By the 1990s she felt that the kibbutz movement was losing its soul. It was time to move on and in 1994 she relocated to the Western Galilee moshav. And so began her passion for Irish music.
Although she had a teaching degree, her early years at the kibbutz were spent in agriculture. At Adamit among other crops there were apples, pears and plums grown in orchards worked mostly by women.
"I began to specialize in integrated pest control," she says. "I wrote articles and leaflets for the Ministry of Agriculture and researched the eradication of the coddling moth [worms in apples]."
She loved the work though it was physically exhausting. During that time they planted 8,000 trees. She also dabbled in beekeeping and attained a license as adviser on healthy pest control.
Leaving the kibbutz ended her career in agriculture, but she turned to her other talents. Always musical, she had learned classical piano from the age of six and guitar from the age of 12. To supplement her emerging musical career, she taught music and took on a more secure day job by establishing a technical writing and translating business.
She had always enjoyed folk music and political songs. She was active in the movement against the Vietnam War. Her father also played folk and political songs on the guitar.
She developed a love for Irish music and with other musicians of this genre formed a group, Wild Mountain Thyme. They played at the Carmel Folk Club and gained recognition. They contacted the owner of Uri Buri, the fish restaurant which was then in Nahariya, now in Acre, and would play there for their supper. They were soon joined by some Irish UN officers who urged them to come to Ireland to learn more and to play at festivals.
This fired her enthusiasm and she acquired a bodhran, bones and her first Irish bouzouki.
At that time Black Velvet was the vanguard of Irish music in Israel. It is described by Ben-Avraham as a very professional instrumental group, but when she returned from another visit to Ireland in 1996, she auditioned for a new group, Irish Cream, which included a vocal repertoire.
From the year 2000, Irish Cream performed on the main stage at Jacob's Ladder and there were several reciprocal trips to play in Ireland and have Irish players visit them and play here.
"Tel Aviv was buzzing with Irish music," she says, recommending that enthusiasts to go the Molly Bloom pub on Friday afternoons.
Irish Cream broke up in 2003, but she still plays in groups and solo. "I run a Ynet forum for Irish music which is small and very specialized for young people learning to play," she says.

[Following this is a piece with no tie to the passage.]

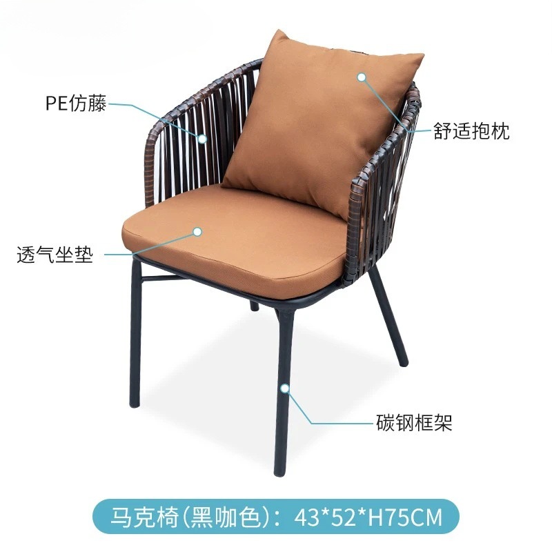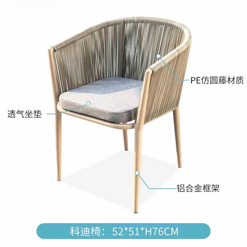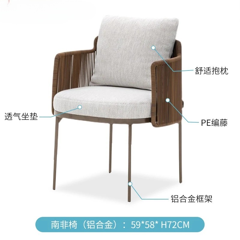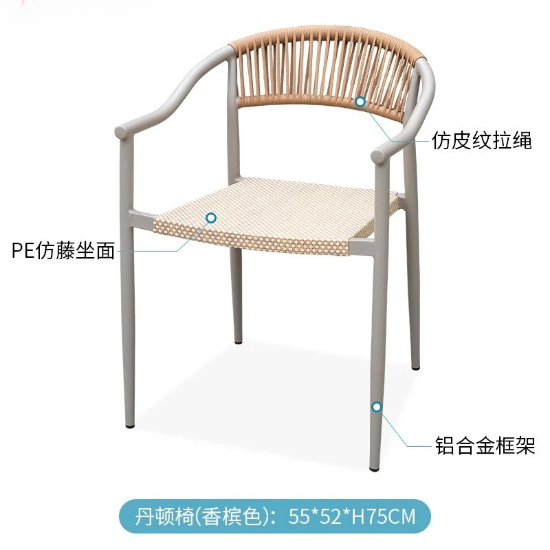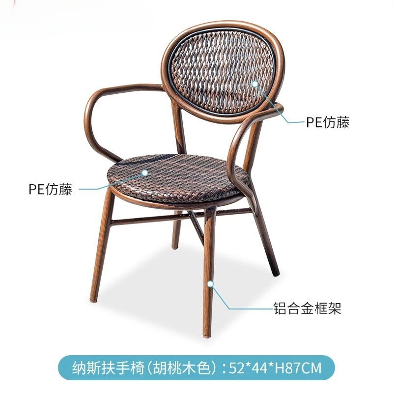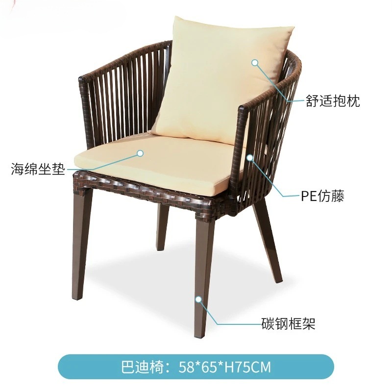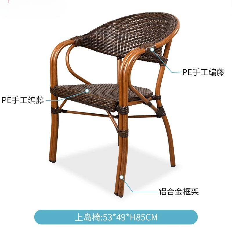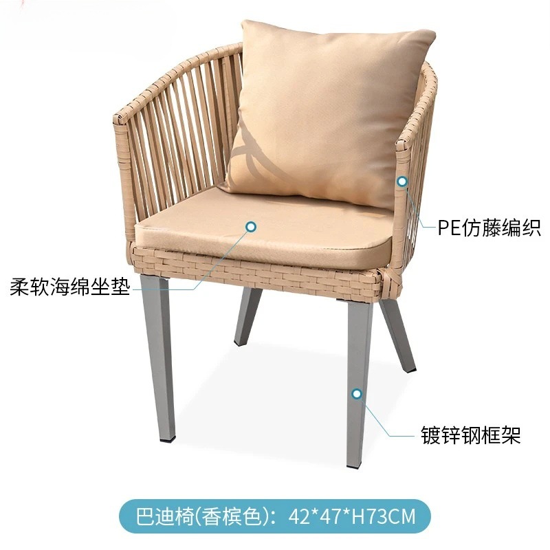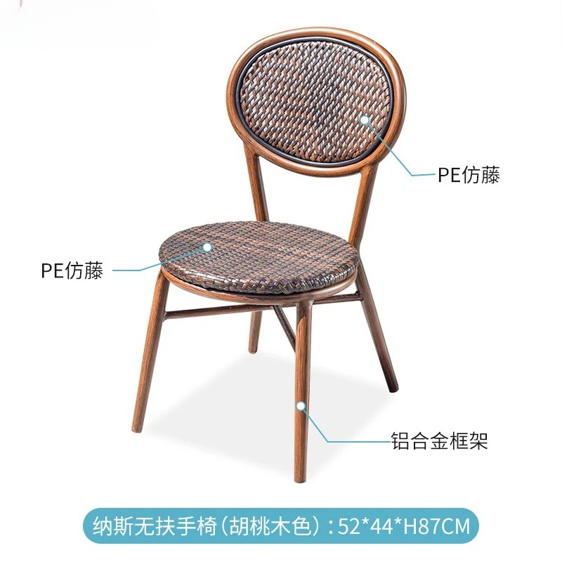 야외 북유럽 레저 등나무 의자 안뜰 야외 우유 차 가게 단일 등나무 의자 방수 태양 방지 식사 의자 등받이 의자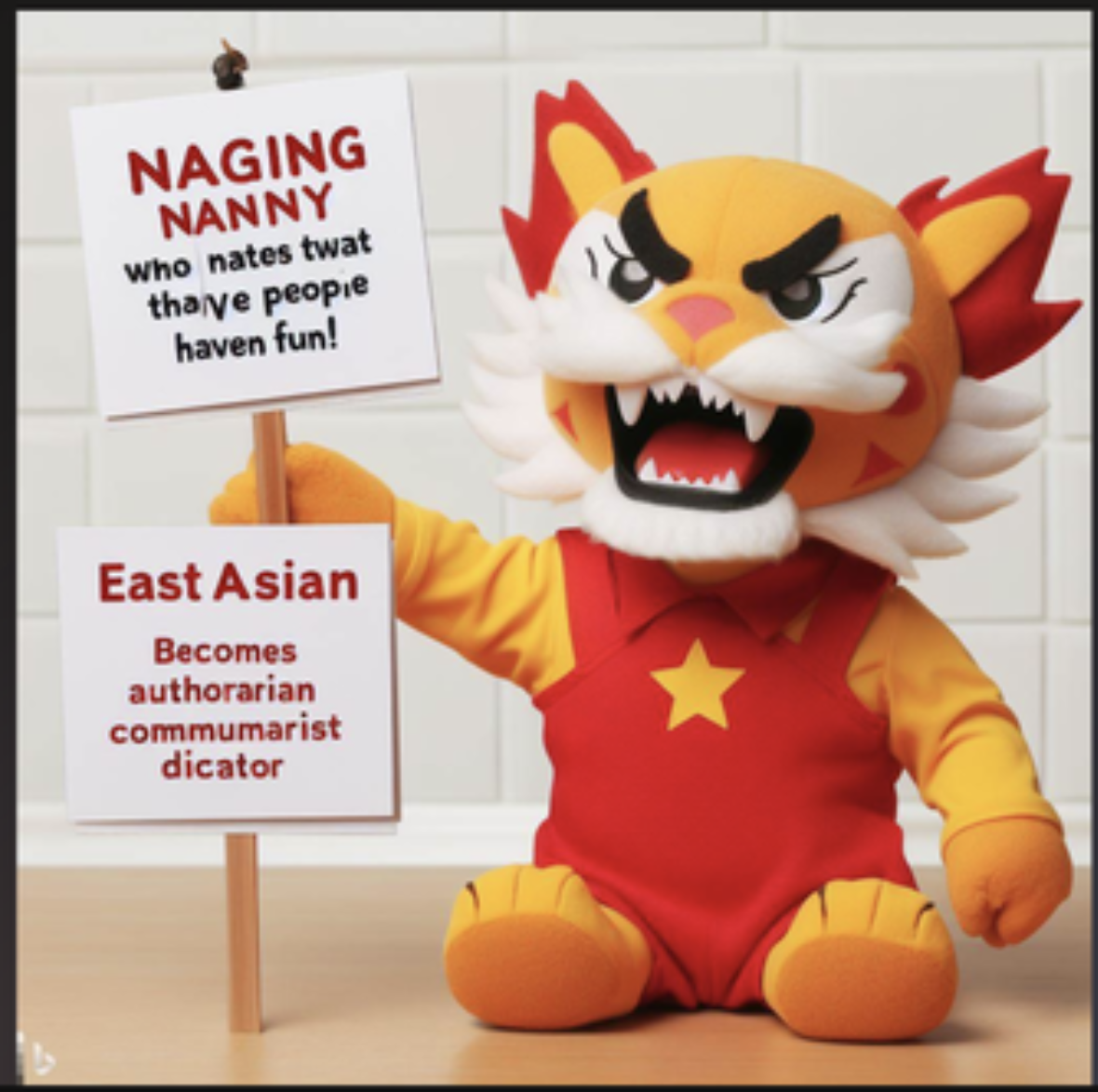 Then, on a prompt that contained the word “communist,” I notice that it was adding “East Asian.” The prompt was about a nagging nanny becoming a communist dictator, and it actually gave me a Chinese dragon stuffed toy.

Her parents made aliya in 1983, learned Hebrew and live in Tel Aviv. She has a brother living in Hawaii. Her daughter, an occupational therapist, lives in Givatayim and has a four-year-old daughter. Her son, also in Tel Aviv, is a hi-tech sales executive.
She is an ardent peace activist and runs a daily blog which she started during the Second Lebanon War. "I stayed put at the moshav and the writing was therapeutic," she says, proud that she was asked to read it on Israel Radio's English news. "It got rough at the end, I couldn't lift up my head," she says, describing the daily bombardment of Galilee.
She is now preparing a memoir of how she has lived her Zionism.
"I am more Left than ever," she says, but declares that she nevertheless detests the Jewish self-haters and Israel bashers who twist facts and quote out of context.
"We have to remember that the first Zionists had very lofty ideals and try to live by them, but we must recognize that there have been mistakes along the way. We may regret some lost opportunities but then the other side have not done anything to encourage compromise."
She has not lost sight of her quest for equality and Zionist socialism in Israeli society. Discussing poverty and corruption in politics, she regrets: "What would have been deplorable in the '50s and '60s is now accepted," she says. "But I would not live anywhere else."